PTDS is an anxiety disorder that some people get after seeing or living through a dangerous event.
When in danger it is completely normal to feel afraid. This fear triggers many normal split second changes in the body to
prepare against the danger or to avoid it. This "fight-or-flight" response is a healthy reaction meant to protect
a person from any harm. But when someone has PTSD, this reaction is changed or damaged. People who have PTSD may feel stressed
or frightened even when they are no longer in danger.
Who
gets PTSD?
Anyone can get PTSD at any
age. This includes war veterans and survivors of physical and sexual assault, abuse, accidents, disasters, and many other
serious events. Not everyone with PTSD has been through a dangerous event. Some people get it after a friend or family
member experiences danger or is harmed. Some develop PTSD after a sudden, unexpected death of a loved one.

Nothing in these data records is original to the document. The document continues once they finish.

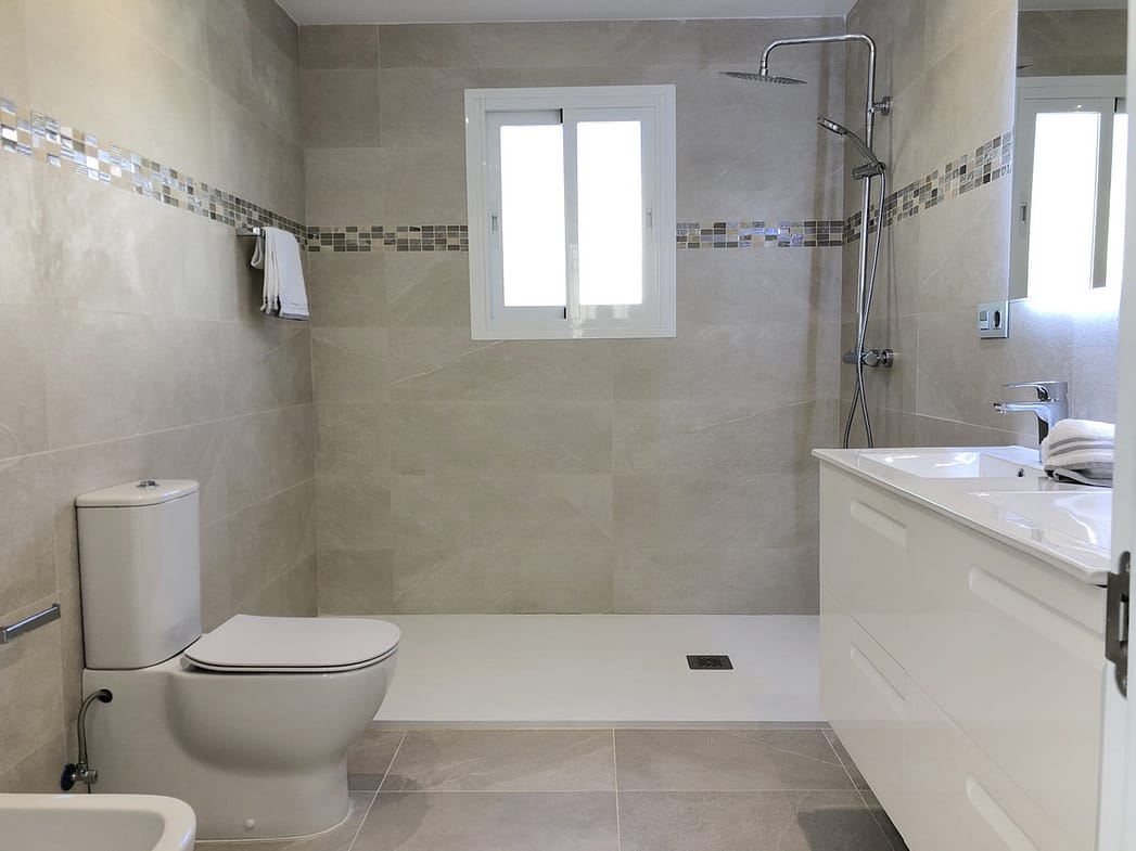 Villa Monterray comprises 5 large bedrooms and 4.5 bathrooms. There are two master suites situated on the first floor, both with walk-in closets and en-suite bathrooms and their own private access to the enormous terrace with stretching ocean views and a quirky, rustic thatched-roof lounge area. One of the master suites also has a separate small balcony overlooking the garden. Three bedrooms are located on the ground floor, one en-suite with direct access onto the front terrace and one which shares a bathroom with bedroom 5 with direct access onto a quaint courtyard with a beautiful ceramic mural and in-built, tiled seating under an arch of bright pink flowers, perfect for some quiet afternoon reading. Bedroom 5 has a large window with views onto the side garden, filled with lemon and lime trees.
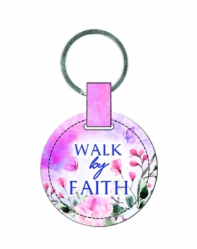 Lux-Leather Keychain (Round) - Walk By Faith
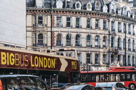 London, UK - July 15, 2019: People on the upper deck of Big Bus open top tour bus in Central London, selective focus, buildings on background. London is one of the most visited cities in the world.
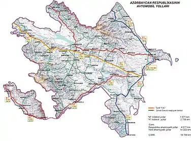 | M6 | Hajiqabul – Şirvan – Bəhramtəpə – Horadiz – Zəngilan – Armenia (closed) | 290 km | ||
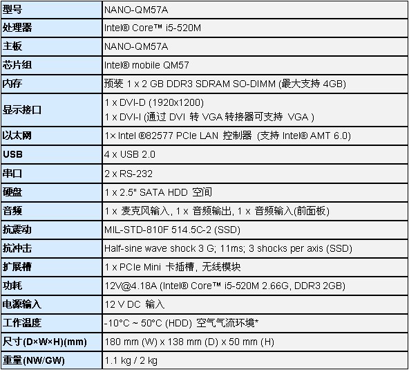 ·支持Intel® 32 nm 移动处理器 Intel® Core™ i5-520M ·支持双DVI独立显示 ·可支持 DDR3 800/1066 MHz 最大至 4GB ·支持 Intel® GbE LAN 和 Intel® AMT 6.0 技术 ·12V DC电源输入 ·可选无线 (PCIe Mini 卡)
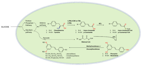 In most of the microbial systems, the primary energy source is glucose that enters in the cell and is sequentially transformed towards the biosynthesis of aromatic amino acids, the starting molecules of phenylpropanoid metabolites. The significance of stilbenes on plant and human welfare [10] resulted in the proposal of a diverse array of strategies employing recombinant DNA technology to bio-transform simple and cheap precursor molecules to the more complex core molecule of resveratrol and its derivatives [117]. Since the first attempt at overexpressing pivotal genes of the phenylpropanoid metabolism in Escherichia coli [121], or the first attempt at producing resveratrol heterologously [106], a plethora of works has been reported either to produce resveratrol or natural and unnatural forms of it [10,11].
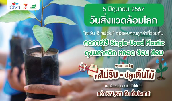 และปัญหาสิ่งแวดล้อมไม่ได้เป็นของใครคนใดคนหนึ่ง และไม่มีคำว่าสายเกินไปถ้าเราช่วยกันลงมือทำ บมจ.ซีพี ออลล์ ผู้บริหาร เซเว่น อีเลฟเว่น และ เซเว่น เดลิเวอรี่ จึงได้เดินหน้าเร่งปลูกต้นไม้จากแคมเปญ “แค่ไม่รับเท่ากับปลูกต้นไม้” ภายใต้โครงการ “ปลูกป่า ปลูกอนาคต” ร่วมกับพาคีเครือข่ายเพาะกล้าไม้ในโครงการฯ ทั้งชุมชน วัด โรงเรียน มหาวิทยาลัย เพื่อนำไปปลูกแล้วกว่า 571,671 ต้น ทั่วประเทศ เพื่อสร้างพื้นที่สีเขียวให้กับชุมชนพร้อมปลูกฝังจิตสำนึกรักษ์สิ่งแวดล้อมให้กับสังคมทั่วประเทศอย่างต่อเนื่อง สอดรับกับ “วันสิ่งแวดล้อมโลก” โดยมีเป้าหมายที่จะปลูกต้นไม้ให้ได้ทั้งสิ้น 1 ล้านต้น ภายในปี 2568
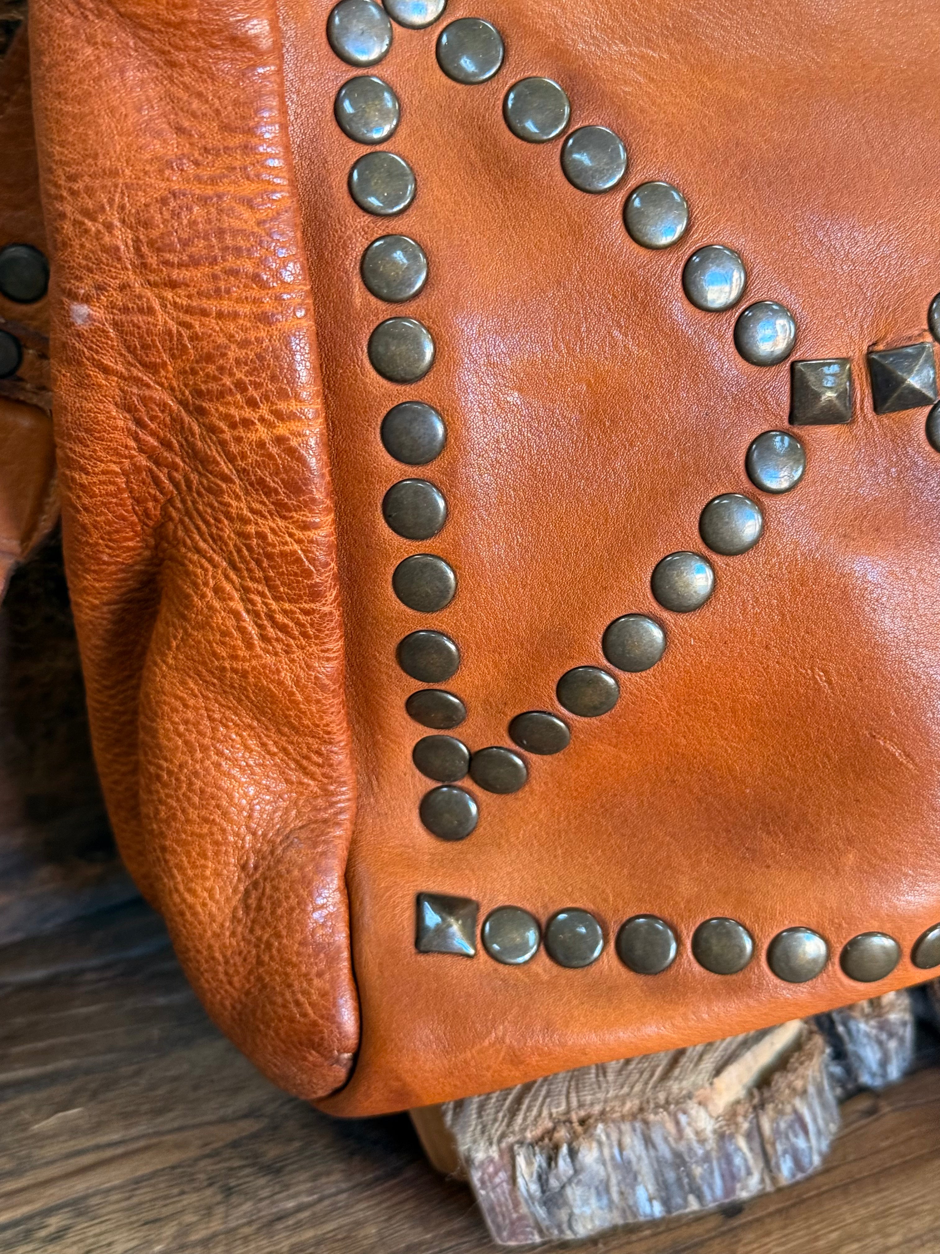 Enhanced with decorative rivets, adding a touch of rugged elegance.
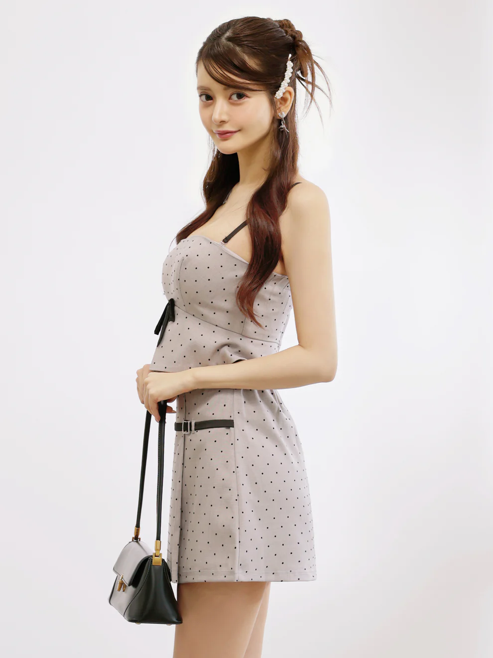 予約(12月上旬~12月中旬入荷予定)[AngelR] ドット柄 セパレート風 ペプラム ベアトップ フロントリボン 細ベルト フレア マイクロミニドレス ワンピース ホワイト ベージュ グレー 上品 清楚 大人可愛い 30代 40代 50代 体型カバー AR25256
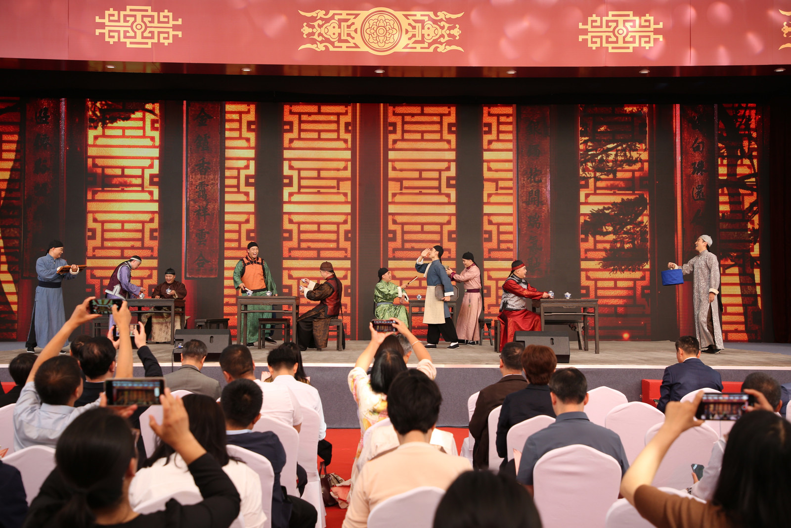 戏曲联唱部分,京津冀地区五大剧种名家同台献艺。曲剧《茶馆》、评剧《花为媒》、河北梆子《潘杨讼》、昆曲《牡丹亭》等经典选段轮番上演,北京京剧院著名京剧表演艺术家迟小秋压轴献唱《锁麟囊》“春秋亭”,体现戏曲周“剧种齐全、流派纷呈”的艺术格局。最后,国家京剧院以《八仙过海》“群仙荟萃耀中华”为开幕演出画上圆满句号。

What are the symptoms of PTSD?
PTSD can cause many symptoms. These symptoms can be grouped into
three categories:
1. Re-experiencing symptoms:
- Flashbacks (reliving the trauma over and over, including physical symptoms like a racing
heart or sweating)
- Bad dreams or nightmares
- Frightening thoughts
2. Avoidance Symptoms:
- Staying away from places, events, or objects that are reminders of the experience
- Feeling
emotionally numb
- Feeling strong guilt, depression or worry
- Losing
interest in activities that were enjoyable in the past
- Having trouble remembering the dangerous
event
Things that remind a person of the traumatic event
can trigger avoidance symptoms. These symptoms may cause a person to change his or her personal routine. For example, after
a bad car crash, a person who usually drives may want to avoid driving or even riding in a car.
3.
Hyperarousal symptoms:
- Being easily startled
- Feeling
tense or "on edge"
- Having difficulty sleeping, and/or having angry outbursts
Hyperarousal symptoms are usually constant, instead of being triggered by things that remind one of the
traumatic event. They can make the person feel stressed and angry. These symptoms may make it hard to do daily tasks, such
as sleeping, eating or concentrating.
It is natural to have some of these symptoms after any dangerous event. Sometimes
people have very serious symptoms that go away after a few weeks. This is called acute stress disorder, or ASD. When the symptoms
last for more than a few weeks and become an ongoing problem, they might by PTSD. Some with PTSD don't show any symptoms for
weeks or even months.
Do children react differently than adults?
Children
and teens have extreme reactions to trauma, but their symptoms may not be the same as adults. In very young children, these
symptoms may include:
- Bed-wetting, when they already learned how to use the toilet before
- Forgetting how or being unable to talk
- Acting out the scary event during playtime (many
children who watched the twin towers falling down on television, often repeatedly, had later been seen playing with toy planes
and making them crash into Lego or block towers). A side note: many young children who kept seeing the towers falling down
on television played over and over for days, thought that many towers had come down and felt tremendously scared. It helps
to have children and teens avoid excess media coverage after a disaster or tragic event.
- Being
unusually clingy with a parent or other adult
Older children and teens usually
show signs similar to adults. They may display disruptive, disrespectful, or destructive behaviors. Older children and teens
may feel guilty for not preventing injury or deaths. They may also have thoughts of revenge.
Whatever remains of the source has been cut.